Cualquier herramienta que nos rodea contiene dos aspectos sin los cuales no puede existir mucho tiempo: la utilidad y la ergonomía, o sea, la capacidad de adaptarse a la anatomía del que vaya a manejarla. Si bien una máquina puede nacer imperfecta, su uso vendrá a ajustarla hasta convertirla en un diseño eficaz. Es curioso que los objetos se comporten con una lógica casi humana. Sin embargo, también su carácter puede ser caprichoso e irreverente. ¿Por qué si no la cámara fotográfica tiene sólo un visor y un objetivo si nuestra cara tiene dos ojos, obligándonos a guiñar uno de ellos? ¿Por qué se llama disparo a la acción de hacer una fotografía? ¿No estaremos ante un extraordinario caso de travestismo en el que una peligrosa arma se disfraza de inocente ingenio sin perder sus cualidades principales? Es posible que para disparar un arma o una cámara nos sobre un ojo, pues otro punto de vista, por cercano que sea, aporta siempre una duda. En su condición de verdugo, el tirador restringe su visión y no permite que nada le distraiga en el momento de ser tajante. Lo que necesita es instinto, y al instinto lo que le sobra es tiempo y espacio. Por tanto, si la fotografía hubiera llegado con el sólo propósito de inventariar la realidad, es probable que la cámara fuera ya un aparato binocular. Pero pronto se reveló como un vehículo subjetivo capaz de contagiar pensamiento y por tanto ideología. No se es neutral cuando se dispara un revólver o una réflex pues se trata de elegir, y por tanto la mirada ha de ser selectiva.

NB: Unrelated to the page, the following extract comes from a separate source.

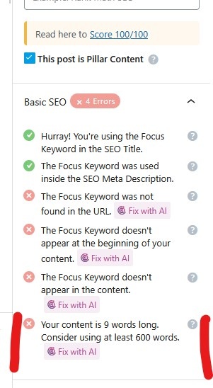 Additionally, Rank Math believes the page only has 9 words.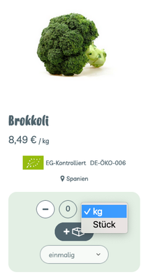 Um einen gewünschten Artikel in den Warenkorb zu legen, kannst du bei vielen Artikeln wählen, ob du in kg oder Stück bestellen möchtest. Über das Plus-Symbol kannst du die Menge erhöhen. Mit dem Minus-Symbol reduzierst du die Menge. Oder du gibst die gewünschte Menge in kg oder Stück einfach in das Mengenfeld ein. Sobald sich das Feld dunkel färbt, ist die gewünschte Menge im Warenkorb. Es gibt also keinen Button „in den Warenkorb legen. Möchtest du den Artikel wieder aus dem Warenkorb entfernen, klicke auf das Minus-Symbol oder überschreibe das Zahlenfeld mit der Zahl Null. Ist das Feld wieder hell gefärbt, befindet sich der Artikel nicht mehr im Warenkorb. Alternativ kann man über den Warenkorb ebenfalls Änderungen vornehmen.

La excepción nos habla sin embargo de casos en los que el tirador abre los dos ojos para disparar, en un intento de abarcar el mundo. Cómo si dar en el blanco no fuera suficiente y necesitara ser a la vez testigo. Para que la certeza y la contemplación se den la mano se necesita una disciplina feroz, pero proporcionan juntas una amplia sensación de conocimiento. Uno de esos casos fue Billy el Niño, que desarrolló la técnica para corregir antes que su adversario la trayectoria de la bala de su “Colt”. Otro es Pepe Franco, cuyo ojo izquierdo es un ojo al acecho, que le previene de cualquier cosa que venga a distraer el acto fotográfico. A veces su misión es avisarle de cuando la presa entra en campo y con que trayectoria, dividiendo así la realidad en dos: interior y exterior. Lo que le pertenece y lo que vive, en una suerte de vidas paralelas. Por eso ante estas fotos no podemos evitar pensar que sólo vemos una parte de un todo más complejo. Parece que, furtivamente, nos asomáramos al ojo de una cerradura.
Siempre he pensado que el responsable de la mayor parte de sus fotos es ese ojo nómada al que manda por el mundo a la busca y captura de un momento de vida con que dar de comer a su cámara y a su alma de polizón que acaba de bajar a tierra.